AI
7 min read

How we at Freeday measure Customer Satisfaction at scale

Written by
Published on
August 19, 2025
Share this article
If you intend to use this component with Finsweet's Table of Contents attributes follow these steps:
  1. Navigate the table of contents by selecting any section to jump directly to that part of the article.
  2. To add interactions which automatically expand and collapse sections in the table of contents select the content27_h-trigger element, add an element trigger and select Mouse click (tap)
  3. Click any heading in the table of contents to expand or collapse detailed information within that section.
  4. On mobile devices, the table of contents remains visible but interactions are disabled to ensure smooth scrolling.

At Freeday, our digital employees handle a high volume of customer conversations every single day, across chat, email and voice. They help customers schedule mechanic appointments, answer questions, recommend holiday destinations, create support tickets, and more.

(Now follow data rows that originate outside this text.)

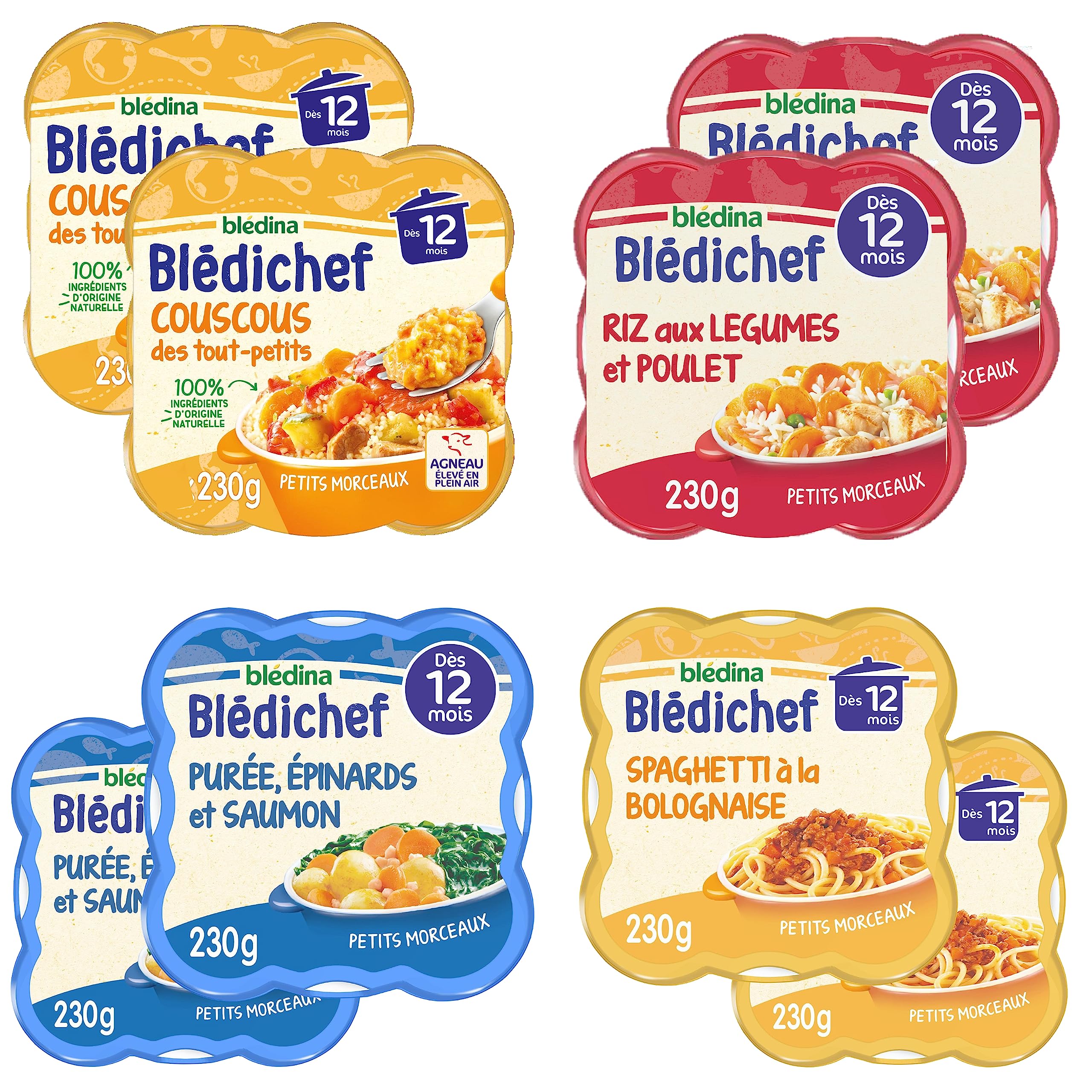 BLÉDINA: For over 110 years, Blédina has been committed to providing health through nutrition during the first 1000 days of a baby's life. With the desire to pass on good eating habits to all babies. Blédina is a certified B-Corp company and is committed to meeting social and environmental criteria. DIRECTIONS FOR USE Before opening, store at room temperature in a clean, dry place. SAFETY WARNING Not Applicable A PRACTICAL PLATE: The shape of the Blédichef plate is designed to help baby learn to eat alone! Easy to prepare and resealable, it can be taken everywhere with you. QUALITY PRODUCTS: Small dishes cooked in France with rigorously selected ingredients, without flavorings or preservatives , to satisfy the demanding palates of babies. ( In accordance with infant feeding regulations.). DISHES ADAPTED FOR BABY: Adult dishes adapted by our chef for toddlers, with small pieces, all in an easy-to-carry plate. Our dishes are cooked by our chef in our factory in Brive-La-Gaillarde (Corrèze). 4 RECIPES: Spinach and Pacific Salmon Purée Vegetable and Chicken Rice Little Spaghetti Bolognese Toddler Couscous. BABY PLATE: Discover our Blédichef lunch and dinner pack from 12 months, in a new format of 8 plates which consists of Blédichef seafood recipes, Blédichef Inspired by our regions as well as Blédichef Inspired by the World. BLÉDINA : Depuis plus de 110ans, Blédina s'engage à apporter la santé par l'alimentation pendant les 1000 premiers jours de vie de bébé. Avec l'envie de transmettre les bonnes habitudes alimentaires à tous les bébés. Blédina est une entreprise certifiée B-Corp est s'engage à répondre aux critères sociaux et environnementaux. MODE D'EMPLOI Avant ouverture, conserver à température ambiante dans un endroit propre et sec. AVERTISSEMENT DE SÛRETÉ Non Applicable UNE ASSIETTE PRATIQUE : La forme de l'assiette Blédichef est conçue pour aider bébé à apprendre à manger seul ! Facile à préparer et refermable, elle peut être emportée partout avec vous. PRODUITS DE QUALITE : Des petits plats cuisinés en France avec des ingrédients rigoureusement sélectionnés, sans arômes, ni conservateurs , pour satisfaire les palais exigeants des bébés. ( Conformément à la réglementation d'alimentation infantile.). DES PLATS ADAPTES POUR BEBE : Des plats de grands adaptés par notre chef pour les tout-petits, avec des petits morceaux, le tout dans une assiette facile à transporter. Nos plats sont cuisinés par notre chef dans notre usine de Brive-La-Gaillarde (Corrèze). 4 RECETTES : Purée aux Epinards et Saumon du Pacifique Riz aux Légumes et Poulet Petits Spaghetti à la Bolognaise Couscous des tout-petits. ASSIETTE BEBE : Découvrez notre pack Blédichef midi et soir dès 12 mois, dans un nouveau format de 8 assiettes qui se compose de recettes Blédichef de la mer, Blédichef Inspiré de nos régions ainsi que Blédichef Inspiré du Monde.
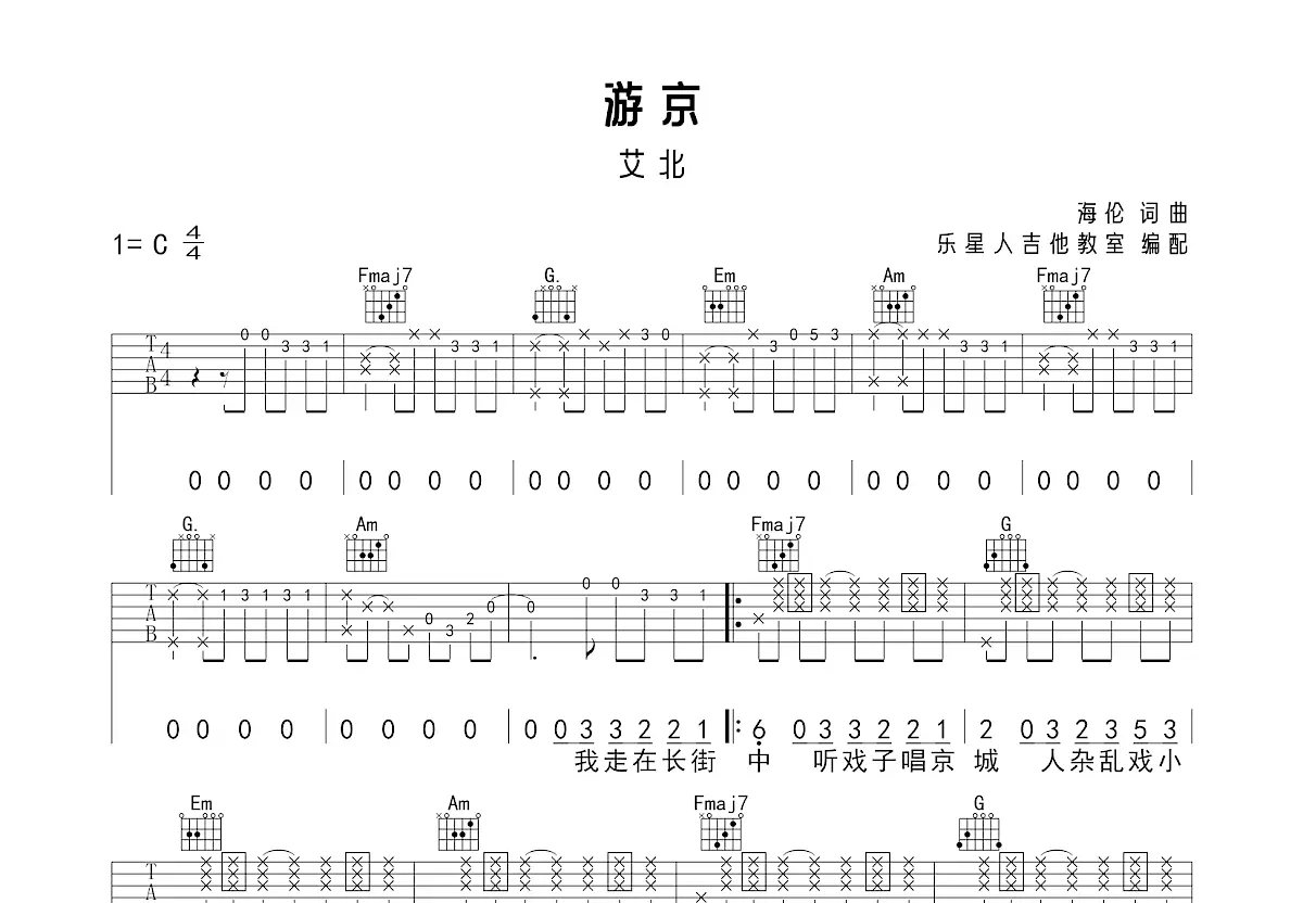 游京吉他谱_艾北c调弹唱72%原版_乐星人up - 吉他世界
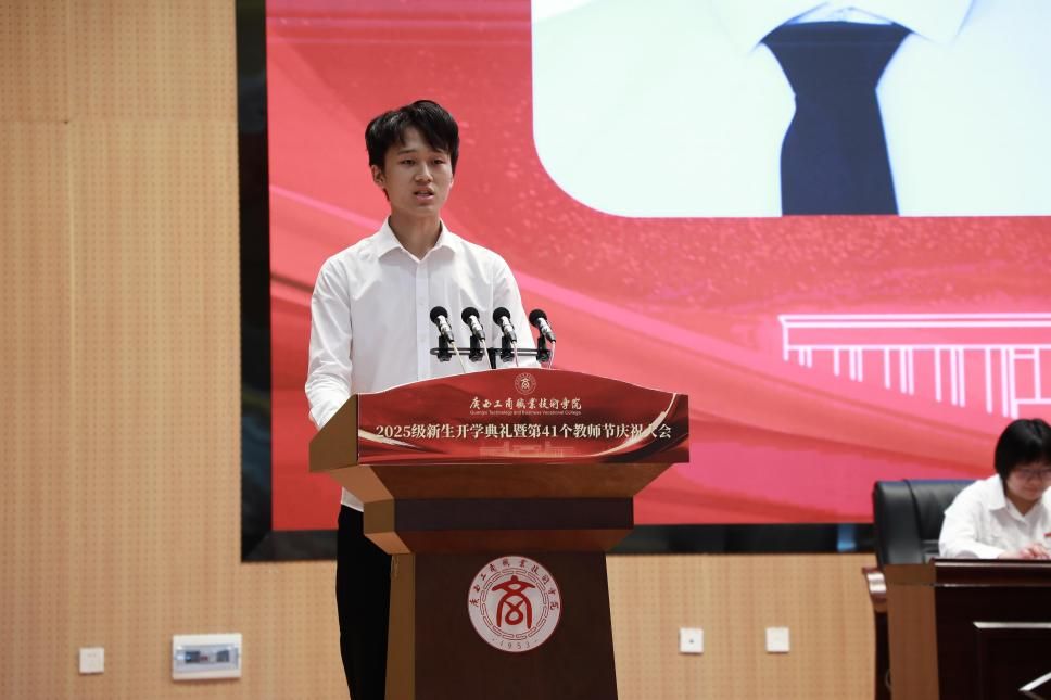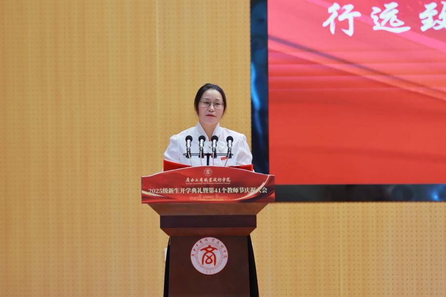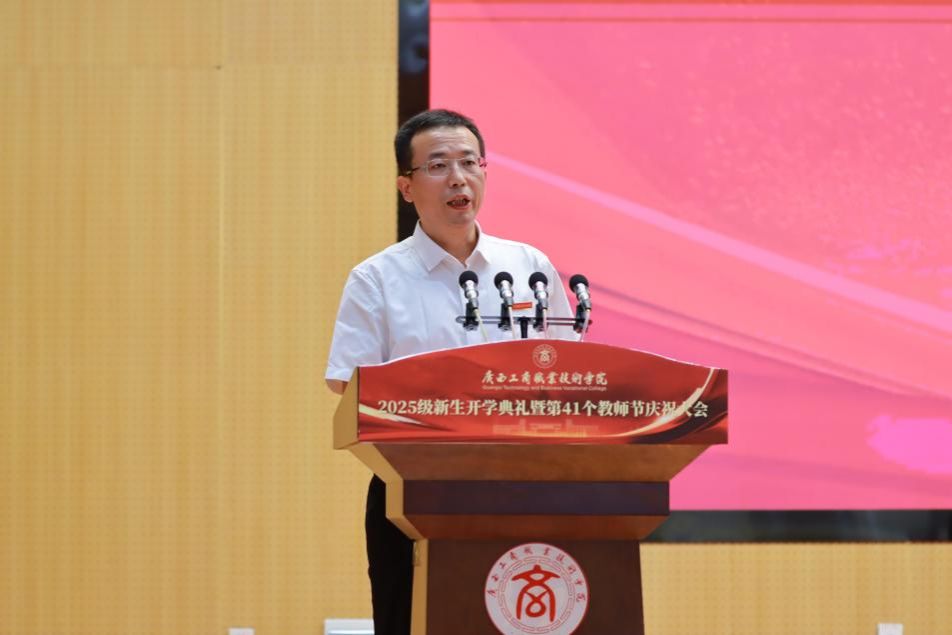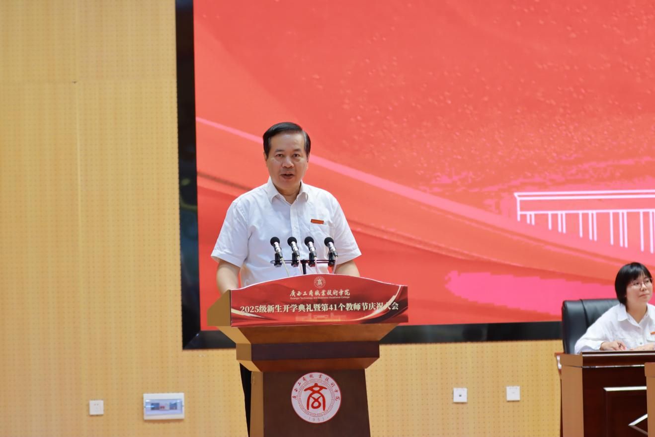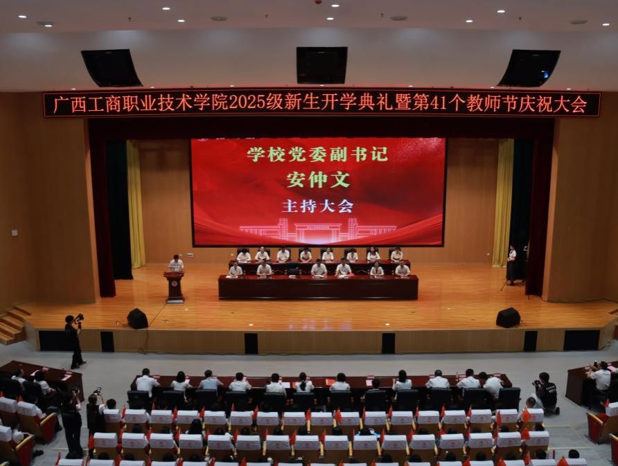 為熱烈歡迎2025級(jí)新生入學(xué),隆重慶祝第41個(gè)教師節(jié),9月10日,學(xué)校以線上線下相結(jié)合的方式在武鳴校區(qū)、鵬飛校區(qū)、中堯校區(qū)同步舉行2025級(jí)新生開(kāi)學(xué)典禮暨第41個(gè)教師節(jié)慶祝大會(huì)。學(xué)校領(lǐng)導(dǎo)李維、劉進(jìn)、安仲文、韋云鳳、陳寧春、闕勇平、鄭華,各部門(mén)、各單位主要負(fù)責(zé)人,受表彰教師代表,新入職教師代表,武鳴校區(qū)2025級(jí)輔導(dǎo)員代表和2025級(jí)新生代表在線下主會(huì)場(chǎng)參會(huì),全體2025級(jí)新生及各部門(mén)、各單位教職工在線上參會(huì)。學(xué)校黨委副書(shū)記安仲文主持大會(huì)。
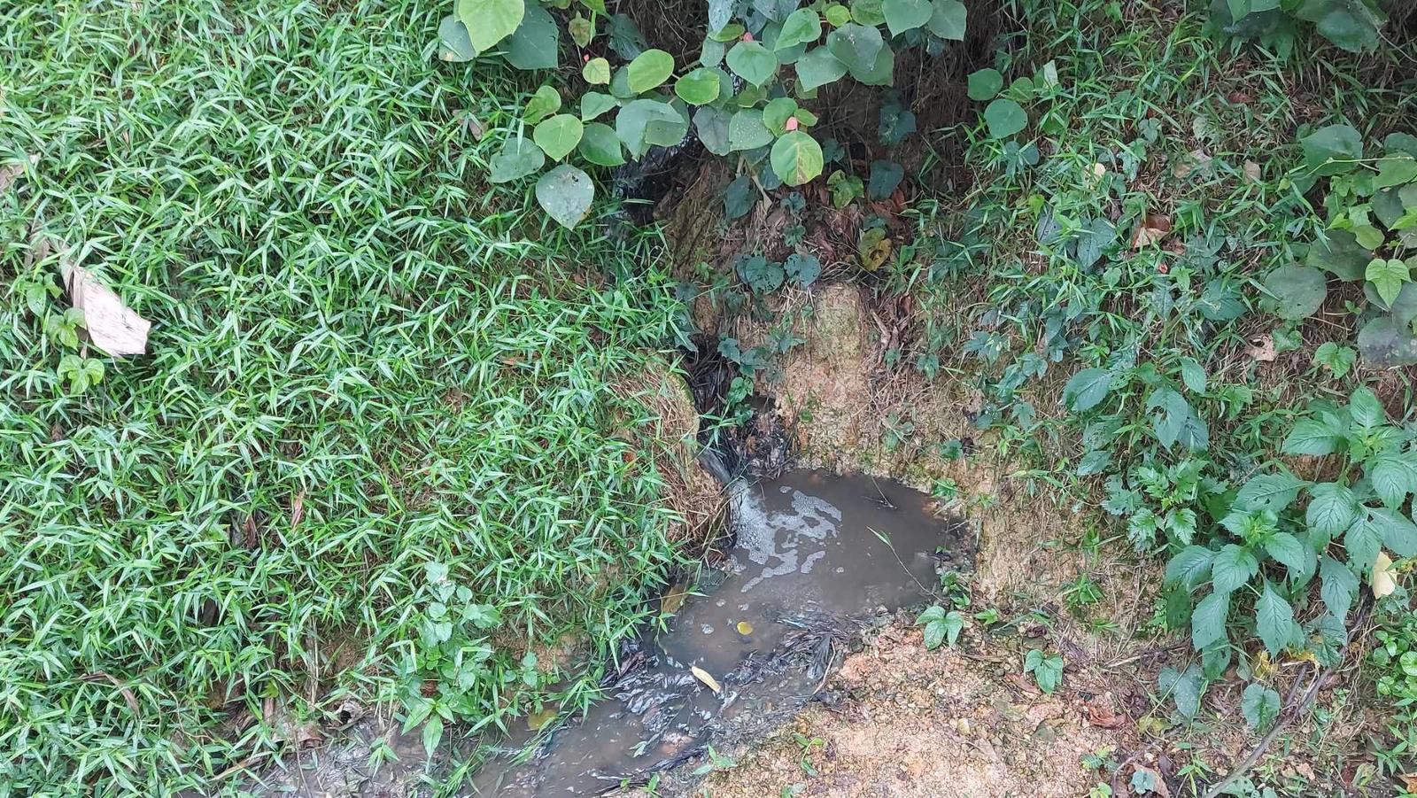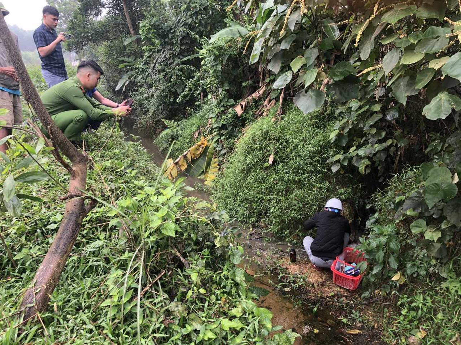 Lực lượng chức năng tiến hành kiểm tra hiện trường khu vực xả thải từ trong trang trại ra ngoài mương nước, đồng thời lấy mẫu đi kiểm tra. Ảnh: Hải Yến

They’re fast, tireless, and consistent. But like any member of your support team, they carry your brand in every interaction. Which raises the essential question:

How do we know they’re doing a good job?

The Survey Blind Spot

Customer Satisfaction (CSAT) surveys are one of the most widely used ways to measure support quality. After a conversation, customers are asked to rate their experience, typically on a scale from 1 (very dissatisfied) to 5 (very satisfied), with an optional comment or thumbs up/down.

The problem isn’t that CSAT is bad. In fact, with 10–15% response rates, it’s actually better than many other survey-based metrics. The problem is that the majority of customers, 85–90%, don’t respond at all.

What about all those silent conversations? We have no direct feedback, no score, and often no idea whether the customer left happy, neutral, or frustrated.

And even when customers do respond, there’s another challenge:

  • Scores often sit at the extremes: the very happy or the very unhappy.
  • It’s hard to know why someone gave a particular score, especially if they left no comment.

The result? We end up with an incomplete, skewed view of the real customer experience. One that risks overrepresenting the loudest voices and ignoring the “quiet middle,” where most interactions actually happen.

For a high-volume support operation, whether digital or human, that’s a serious risk:

  • Subtle issues affecting the average customer go unnoticed.
  • Consistently “just okay” experiences never get flagged for improvement.
  • Teams may end up optimizing for edge cases instead of the overall experience.

In other words, you’re making decisions with only part of the story.

We needed a way to fill in those blanks, to get reliable CSAT-like insights for 100% of conversations, not just the 10–15% where someone clicked a button.

So we built one.

From Gut Feeling to Data

Instead of relying only on survey responses, we use AI to simulate how a customer might rate their own experience, even if they never filled out a survey.

The AI reviews the entire conversation, from start to finish, and predicts a score from 1 to 5. Alongside the score, it also provides a short explanation, just like a customer might if you asked them “Why did you give that rating?”

To make these predictions more accurate, the AI considers five core factors:

  • Resolution: Was the issue actually solved?
  • Sentiment trajectory: Did the user’s mood improve or decline over time?
  • Tone & clarity: Was the interaction polite, clear, and easy to follow?
  • Efficiency: Did the conversation flow smoothly, or were there delays?
  • Accuracy: Was the information helpful?

The model also explains why it gave that score, like a customer might if you asked them.

Whenever possible, we also feed the AI extra context. That includes things like thumbs up/down, written comments, and timestamps. These signals help it better understand tone, pacing, and the final outcome.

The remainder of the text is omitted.